Abstract
Recessive diseases arise when both the maternal and the paternal copies of a gene are impacted by a damaging genetic variant in the affected individual. When a patient carries two different potentially causal variants in a gene for a given disorder, accurate diagnosis requires determining that these two variants occur on different copies of the chromosome (i.e., are in trans) rather than on the same copy (i.e. in cis). However, current approaches for determining phase, beyond parental testing, are limited in clinical settings. We developed a strategy for inferring phase for rare variant pairs within genes, leveraging genotypes observed in exome sequencing data from the Genome Aggregation Database (gnomAD v2, n=125,748). When applied to trio data where phase can be determined by transmission, our approach estimates phase with 95.7% accuracy and remains accurate even for very rare variants (allele frequency < 1×10−4). We also correctly phase 95.9% of variant pairs in a set of 293 patients with Mendelian conditions carrying presumed causal compound heterozygous variants. We provide a public resource of phasing estimates from gnomAD, including phasing estimates for coding variants across the genome and counts per gene of rare variants in trans, that can aid interpretation of rare co-occurring variants in the context of recessive disease.

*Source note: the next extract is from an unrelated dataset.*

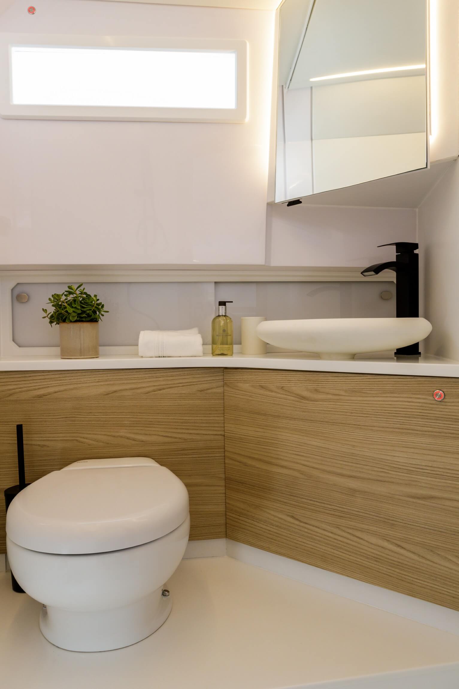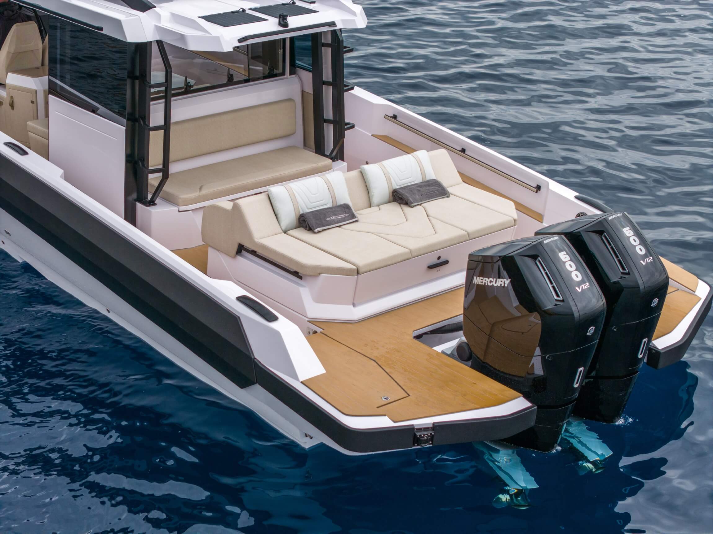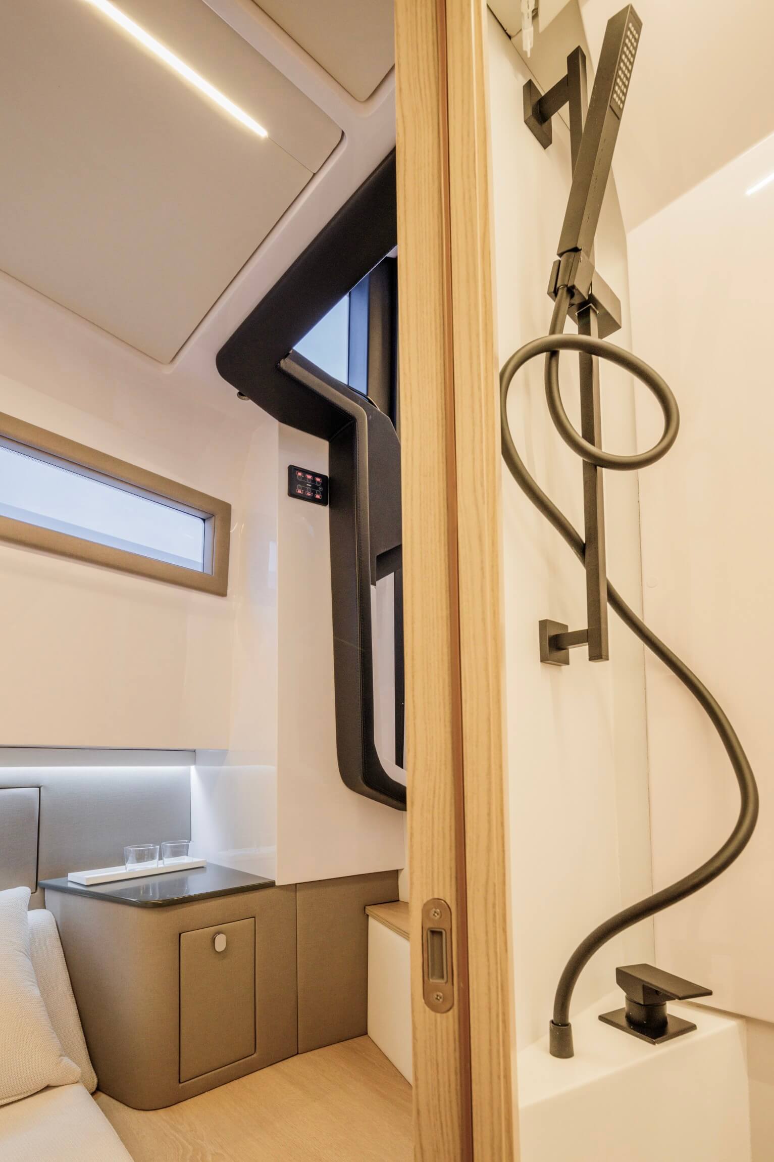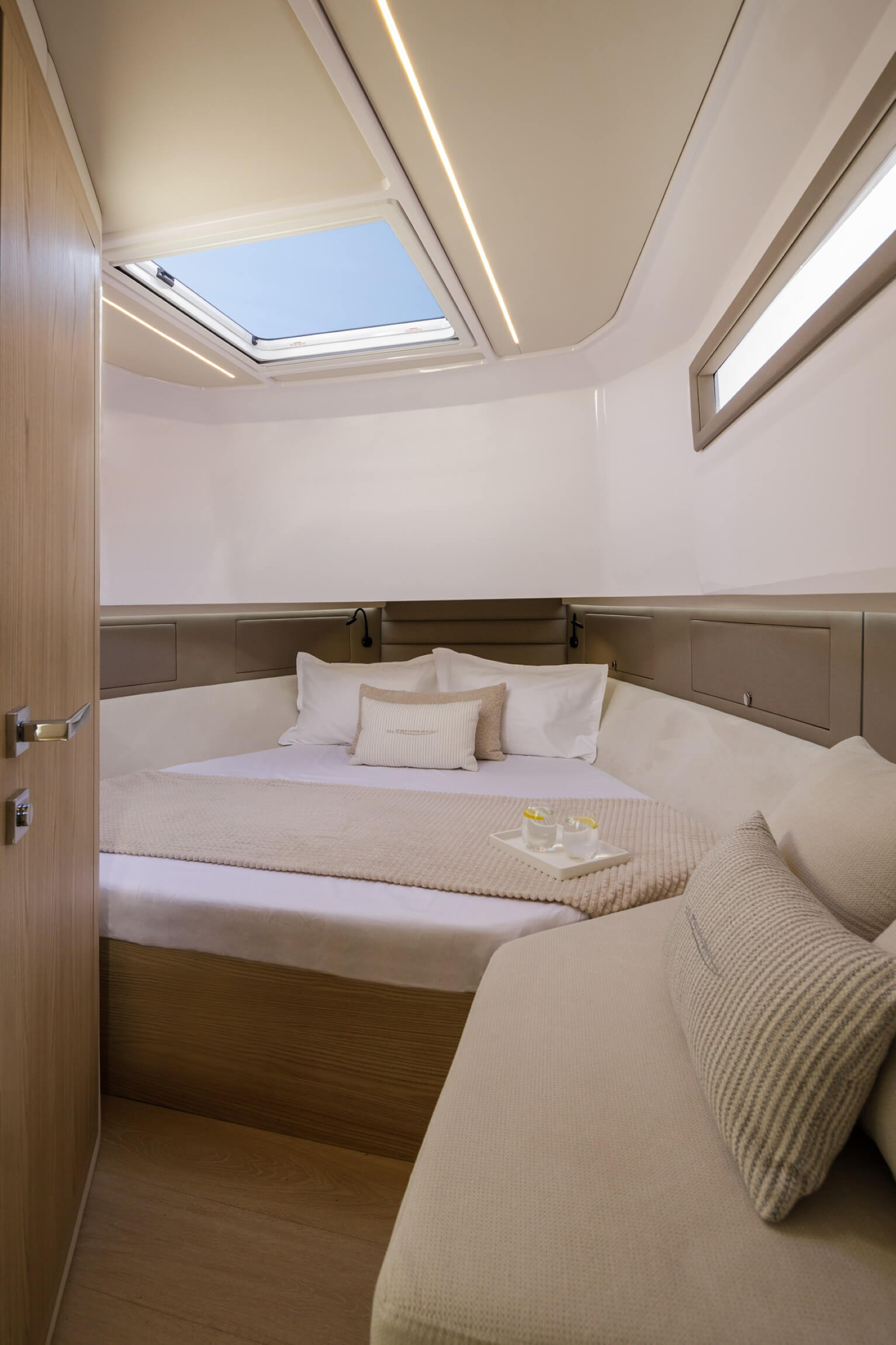 Thoughtfully designed, the cabins transform every journey into a luxurious retreat, setting new standards for comfort and privacy. Blending modern elegance with practical design, they offer a serene escape for those moments of relaxation after exploration. XPD 46 features a master and an aft cabin, comfortly accommodating up to 4 guests. Additionally, a cleverly integrated cabin beneath the bow sunbed provides space for one more person, a skipper or crew member.

Competing Interest Statement
B.M.N. is a member of the scientific advisory board at Deep Genomics and Neumora, Inc. (f/k/a RBNC Therapeutics). H.L.R. has received support from Illumina and Microsoft to support rare disease gene discovery and diagnosis. M.J.D. is a founder of Maze Therapeutics and Neumora Therapeutics, Inc. (f/k/a RBNC Therapeutics). A.O.D.L. has consulted for Tome Biosciences and Ono Pharma USA Inc, and is member of the scientific advisory board for Congenica Inc and the Simons Foundation SPARK for Autism study. K.J.K. is a consultant for Tome Biosciences and Vor Biosciences, and a member of the Scientific Advisory Board of Nurture Genomics. D.G.M. is a paid advisor to GlaxoSmithKline, Insitro, Variant Bio and Overtone Therapeutics, and has received research support from AbbVie, Astellas, Biogen, BioMarin, Eisai, Google, Merck, Microsoft, Pfizer, and Sanofi-Genzyme. K.E.S. has received support from Microsoft for work related to rare disease diagnostics. The remaining authors declare no competing interests.
Footnotes
↵‡ List of authors and their affiliations appear at the end of the paper
We have modified our approach to define and evaluate the Ptrans thresholds used to predict whether a pair of variants is in cis or in trans, which led to slightly revised Ptrans thresholds. Notably, we found substantially improved accuracy with these new thresholds when using the cosmopolitan Ptrans estimates in individuals with inferred African genetic ancestry. However, we now have a slightly larger fraction of variants (6.2 to 8.3%) that fall into an intermediate Ptrans bin, and therefore cannot be confidently phased. Outside of these observations, the major results remain unchanged.